FIG. 2 is timing diagram showing voltages generated in the system of FIG. 1 at startup;

FIG. 3 is a simplified circuit diagram showing a dual input prioritizing LDO regulator according to another embodiment of the present invention;

FIG. 4 is block diagram showing a system including a conventional LDO regulator; and

FIG. 5 is timing diagram showing voltages generated in the system of FIG. 4 at startup.

The present invention relates to an improvement in voltage regulators. The following description is presented to enable one of ordinary skill in the art to make and use the invention as provided in the context of a particular application and its requirements. As used herein, the term “connected” is used herein to describe the direct connective relationship between two circuit elements (i.e., by way of a conductive wire or trace without an intervening circuit element), and is distinguished from the term “coupled”, which indicates two circuit elements that are connected in a signal path but may be separated by zero or more electrical elements. Various modifications to the preferred embodiment will be apparent to those with skill in the art, and the general principles defined herein may be applied to other embodiments. Therefore, the present invention is not intended to be limited to the particular embodiments shown and described, but is to be accorded the widest scope consistent with the principles and novel features herein disclosed.

FIG. 1 is a block diagram showing a system 100 including a conventional switching (e.g., BUCK) regulator 20, a conventional FPGA 30, and a dual input prioritized LDO regulator 101 according to an embodiment of the present invention. In the present embodiment, system 100 is made up of multiple discrete IC devices (i.e., BUCK regulator 20, conventional FPGA 30 and LDO regulator 101 are separately fabricated and assembled using known fabrication and assembling techniques). In an alternative embodiment, two or more of BUCK regulator 20, conventional FPGA 30 and LDO regulator 101 are integrally fabricated on a single semiconductor (e.g., monocrystalline silicon) substrate using, for example, BiCMOS fabrication techniques.

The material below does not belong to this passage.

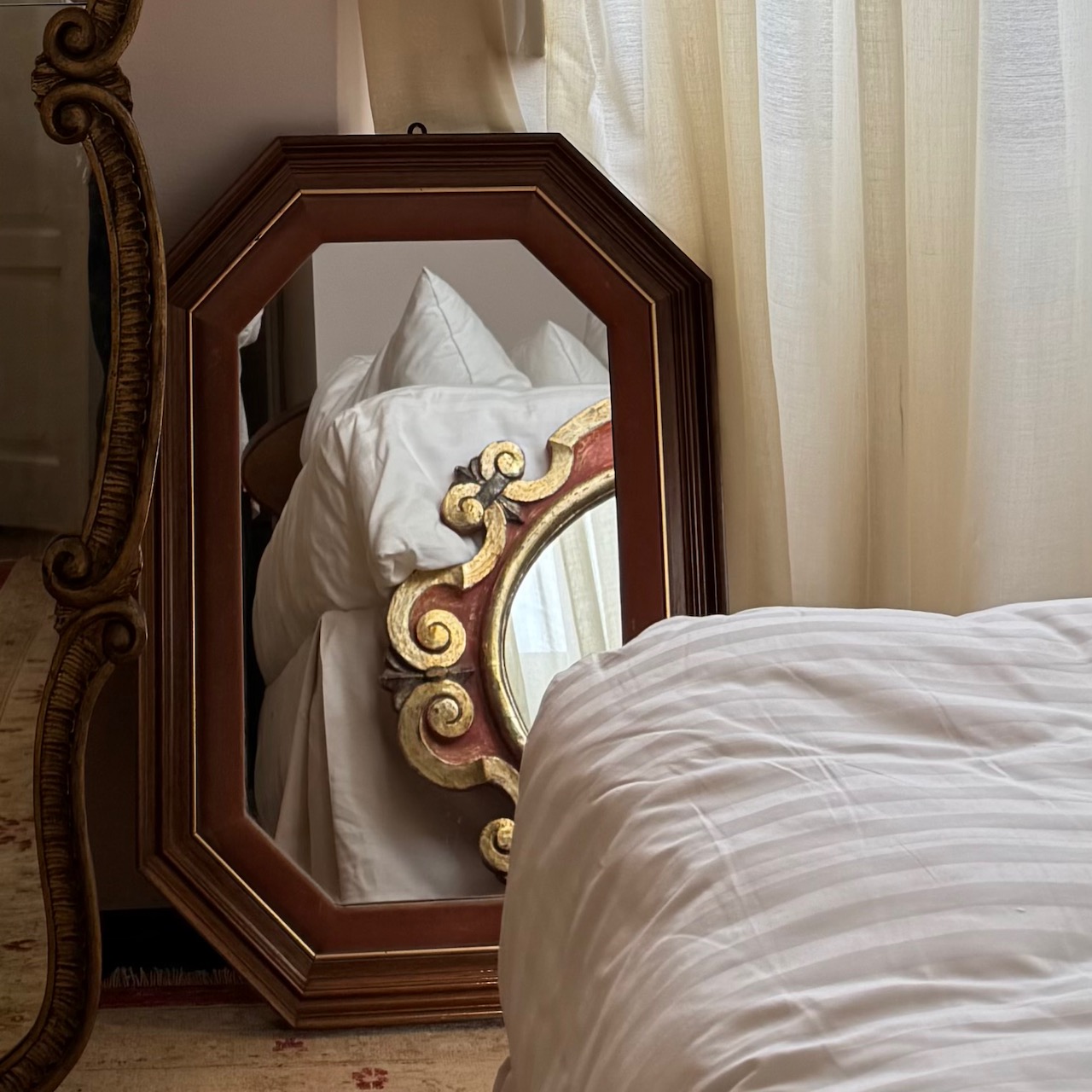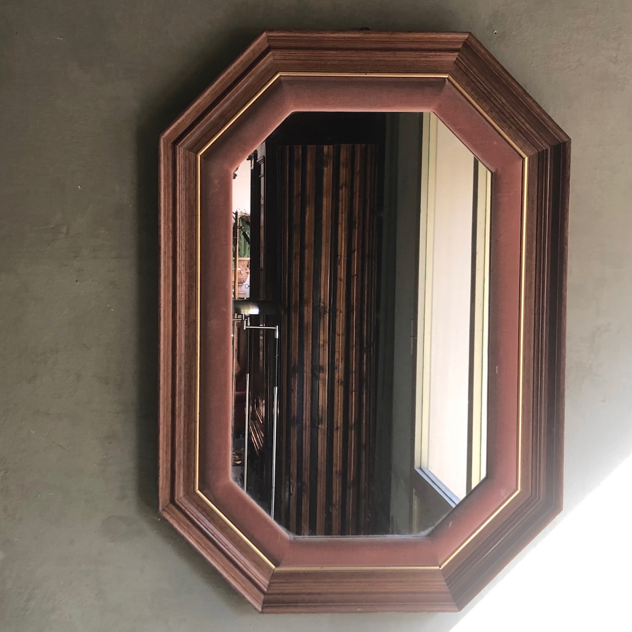 Specchio ottagonale, doppia cornice legno e velluto orsa antico. Italia, sec. XX
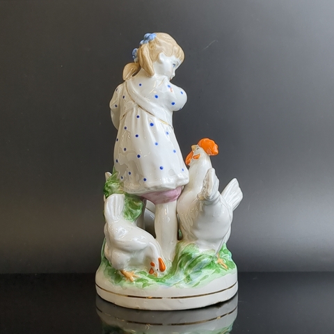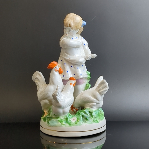 Статуэтка Девочка кормит кур, фарфор, роспись, золочение, Дулевский фарфоровый завод Дулёво, скульптор Н. Малышева, СССР, 1956 г.

System 100 is similar to the conventional arrangement described above in that BUCK regulator 20 supplies a relatively high regulated voltage VI/O (e.g., 3.3V) to the I/O circuitry of FPGA 30, and LDO regulator 101 provides a relatively low regulated voltage VCORE (e.g., 2.5V) to the core logic circuitry of FPGA 30. In addition, similar to the system shown in FIG. 4, a raw voltage source (e.g., a battery) provides a relatively high, unregulated voltage VRAW that is supplied to BUCK regulator 20, which utilizes unregulated voltage VRAW to generate regulated voltage VI/O in a known, highly efficient manner. Further, regulated voltage VI/O is utilized both by the I/O circuitry of FPGA 30 and by LDO regulator 101 to generate regulated voltage VCORE in the manner described below.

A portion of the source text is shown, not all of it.